Sanjay Kirloskar is an Indian industrialist and the chairman of the Kirloskar Brothers Ltd (a Kirloskar Group company), one of the largest conglomerate corporations in India. He is also the President of All India Management Association.

Under his leadership Kirloskar Brothers Ltd is India's largest pump manufacturer, which produces centrifugal pumps from 0.1 kW to 26 MW.

Early life
Sanjay Kirloskar is the son of Chandrakant Kirloskar and the grandson of Shantanurao Laxmanrao Kirloskar.

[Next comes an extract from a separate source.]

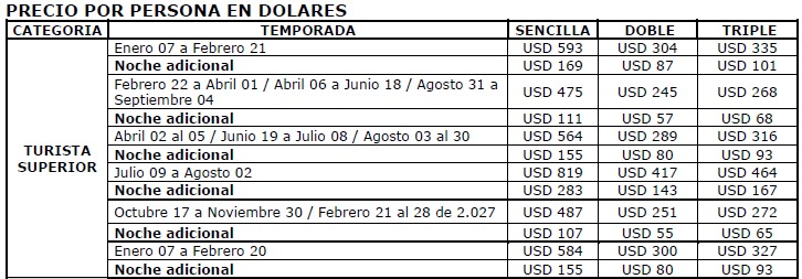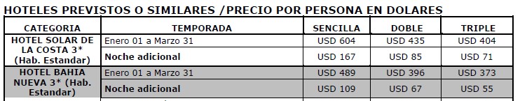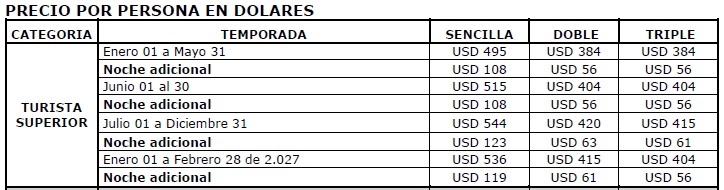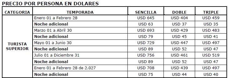 DEPOSITO: Se requiere un 30% del valor para reservar y el saldo 30 días antes de la salida.

He graduated with a Bachelor of Science degree in mechanical engineering from the Illinois Institute of Technology, Chicago in 1978.

Career
Kirloskar Brothers acquired SPP Pumps (UK),  in 2002 and then Aban Construction, one of India's leading construction companies in 2006, followed by The Kolhapur Steels limited in 2007 and Braybar Pumps Ltd (South Africa) in 2010, Syncroflo Inc (USA) in 2014 and Rodelta Pumps International B.V. (The Netherlands) in 2015. For the last 5 years Kirloskar Brothers has shown an average RONW (Return on Net Worth) of 32%.

Kirloskar Brothers Ltd received the ASME N-STAMP in 2012 and is the first Indian company in rotating equipment to receive this as well as amongst a few companies in the world to have this accreditation.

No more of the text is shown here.